With a vfio assigned device we lay down a base MemoryRegion registered
as an IO region, giving us read & write accessors.  If the region
supports mmap, we lay down a higher priority sub-region MemoryRegion
on top of the base layer initialized as a RAM pointer to the mmap.
Finally, if we have any quirks for the device (ie. address ranges that
need additional virtualization support), we put another IO sub-region
on top of the mmap MemoryRegion.  When this is flattened, we now
potentially have sub-page mmap MemoryRegions exposed which cannot be
directly mapped through KVM.

This is as expected, but a subtle detail of this is that we end up
with two different access mechanisms through QEMU.  If we disable the
mmap MemoryRegion, we make use of the IO MemoryRegion and service
accesses using pread and pwrite to the vfio device file descriptor.
If the mmap MemoryRegion is enabled and we end up in one of these
sub-page gaps, QEMU handles the access as RAM, using memcpy to the
mmap.  Using the mmap through QEMU is a subtle difference, but it's
fine, the problem is the memcpy.  My assumption is that memcpy makes
no guarantees about access width and potentially uses all sorts of
optimized memory transfers that are not intended for talking to device
MMIO.  It turns out that this has been a problem for Realtek NIC
assignment, which has such a quirk that creates a sub-page mmap
MemoryRegion access.

My proposal to fix this is to leverage the skip_dump flag that we
already use for special handling of these device-backed MMIO ranges.
When skip_dump is set for a MemoryRegion, we mark memory access as
non-direct and automatically insert MemoryRegionOps with basic
semantics to handle accesses.  Note that we only enable dword
accesses because some devices don't particularly like qword accesses
(Realtek NICs are such a device).  This actually also fixes memory
inspection via the xp command in the QEMU monitor as well.

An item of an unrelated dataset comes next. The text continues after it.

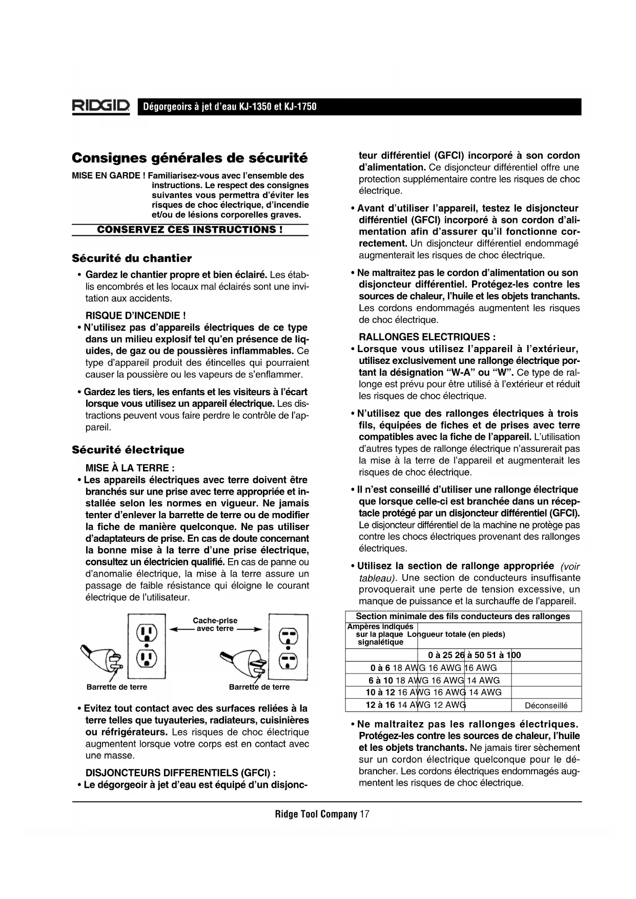 - Ne maltraitez pas les rallonges électriques. Protégez-les contre les sources de chaleur, l’huile et les objets tranchants. Ne jamais tirer sèchement sur un cordon électrique quelconque pour le dé- brancher. Les cordons électriques endommagés aug- mentent les risques de choc électrique. Section minimale des fils conducteurs des rallonges Ampères indiquéssur la plaque Longueur totale (en pieds)signalétique 0 à 25 26 à 50 51 à 100 0 à 6 18 AWG 16 AWG 16 AWG 6 à 10 18 AWG 16 AWG 14 AWG 10 à 12 16 AWG 16 AWG 14 AWG 12 à 16 14 AWG 12 AWG DéconseilléBarrette de terreCache-priseavec terreBarrette de terreRidge Tool Company18 Dégorgeoirs à jet d’eau KJ-1350 et KJ-1750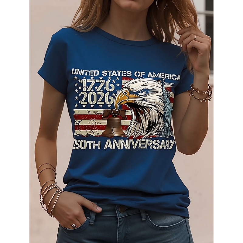 American 250th Women's T Shirt Graphic National Flag Vintage Independence Day Stylish Classic Short Sleeve Crew Neck Round Neck Regular Tops Daily Weekend Print Blue Summer Spring Fall Winter

Please comment.  Is this the best way to solve this problem?  Thanks

Reported-by: Thorsten Kohfeldt <thorsten.kohfeldt@gmx.de>
Signed-off-by: Alex Williamson <alex.williamson@redhat.com>
---
 include/exec/memory.h |    6 ++++--
 memory.c              |   44 ++++++++++++++++++++++++++++++++++++++++++++
 2 files changed, 48 insertions(+), 2 deletions(-)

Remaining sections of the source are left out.